More troubling however are the provisions of that funding round, found buried within the company’s updated S-1.

Box’s newest funders TPG and returning investors Coatue are evidently no more confident in its IPO prospects than the company’s own bankers. They felt compelled (and able) to bake in some pretty nasty “poison pill” covenants into this new funding round.

Put simply, if Box doesn’t have a healthy IPO, and quick, it’s going to cost the company big time.

A look at the updated S-1 reveals that Box has just one year to go public or the company must pay its late stage investors a $0.75 per share penalty for each quarter beyond one year which the IPO is delayed. Equally ugly, is the fact that the company must get out (either via IPO or acquisition) at a value of no less than $20 per share (approximately $2.4 billion total valuation) or TPG and Coatue will be entitled to a 10 percent discount against that reduced IPO share price.

In its updated S-1, Box writes:

In July 2014, we issued 7,500,000 shares of Series F redeemable convertible preferred stock at $20.00 per share for gross proceeds of $150.0 million. Under the terms of the arrangement, the redemption value for the Series F redeemable convertible preferred stock is determined based on a $3 per year return on the original purchase price. Additionally, if we consummate an initial public offering on or prior to July 7, 2015, each share of Series F redeemable convertible preferred stock will convert into shares of Class A common stock equal to $20.00 divided by the lesser of 90% of the price per share of Class A common stock or $20.00. If we consummate an initial public offering after July 7, 2015, holders of Series F redeemable convertible preferred stock will receive shares of Class A common stock with a value equal to $20 plus $3 per year, calculated on a quarterly basis (based on a 360 day year) with no compounding, through such date. In addition, in certain circumstances, the shares of Class A common stock issuable upon conversion of the Series F redeemable convertible preferred stock are subject to a floor limitation.

As I’ve written time and again, Box’s destiny is hardly certain at this stage and drawing such rigid lines in the sand could easily come back to burn the company.
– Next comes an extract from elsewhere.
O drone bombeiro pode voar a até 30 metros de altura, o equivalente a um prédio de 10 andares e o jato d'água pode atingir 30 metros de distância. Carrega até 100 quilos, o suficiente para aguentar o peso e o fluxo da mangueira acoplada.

Levie, it seems, had no other choice than to accept these onerous terms.

It’s not altogether uncommon for late stage investors to request downside protection when a company’s performance is in question. Early stage investors do the same by way of liquidation preference and discounted, capped notes. But the very extent of TPG and Coatue’s protections suggest that Box was in a particularly bad negotiating position. With just eight months of runway left when filing its S-1 in March, this is indeed the case.

In the year ended January 31, 2014, Box posted $168 million in losses despite generating $124 million in revenue. This left the company with just $109 million in cash at the time. In its updated S-1, box posted revenue of $45.3 million over the three month period ending April 30, a figure that is up some 93.6 percent over the same period a year earlier. It was unable to rein in its losses at the same rate, however, posting $38.5 million in net losses for the quarter, an improvement of just 13 percent. The company had just $79.26 million in cash remaining before raising this latest round.
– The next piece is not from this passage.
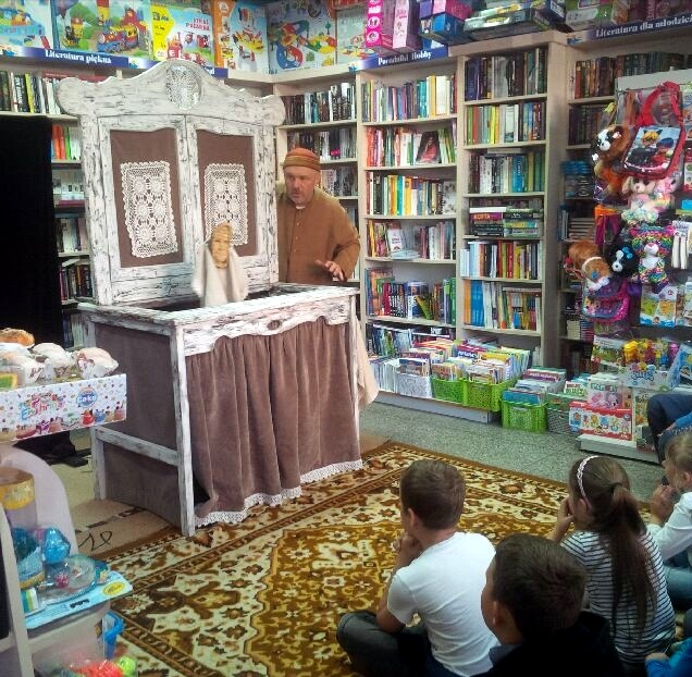 Pierwsze spotkanie odbyło się 15 października w księgarni. Białostocki Teatr pod Orzełkiem zaprezentował „Opowieści Starego Kredensu”. Profesor Hilary Szczebrzeszyński wraz z roztargnioną asystentką panią Anią opowiedział bajkę o Grzecznym Rycerzu i legendę o Złotej Kaczce. Postaciami były lalki stworzone z kuchennych przedmiotów mieszkających w starym kredensie. W trakcie spektaklu dzieci złożyły rycerskie ślubowanie przez co powiększył się Zakon Rycerzy Grzeczności. Na zakończenie spotkania koordynator projektu wręczyła prezent: Teatrzyk Kamishibai (japońska sztuka czytania bajek) wraz z kartami narracyjno – obrazkowymi oraz komplety książek do biblioteki szkolnej.

Yes, these numbers look better than a year ago, but they’re hardly the picture of a healthy company. As IVP’s Jules Maltz recently explained, Wall Street has moved beyond rewarding SaaS growth at the expense of forward-looking metrics like retention and profitability. Box, for what it’s worth, posted a healthy a retention rate of 135 percent in its latest quarter, suggesting that if it can keep on the same path it may one day be able to flip the switch to more profitable operation.

Nonetheless, in light of Wall Street’s apprehension around the enterprise SaaS sector, Levie will likely have to continue its belt-tightening in Q2 of this year if he wants to enter the markets this fall without triggering Coatue’s poison pill provision.

Such is the life of a late stage enterprise CEO.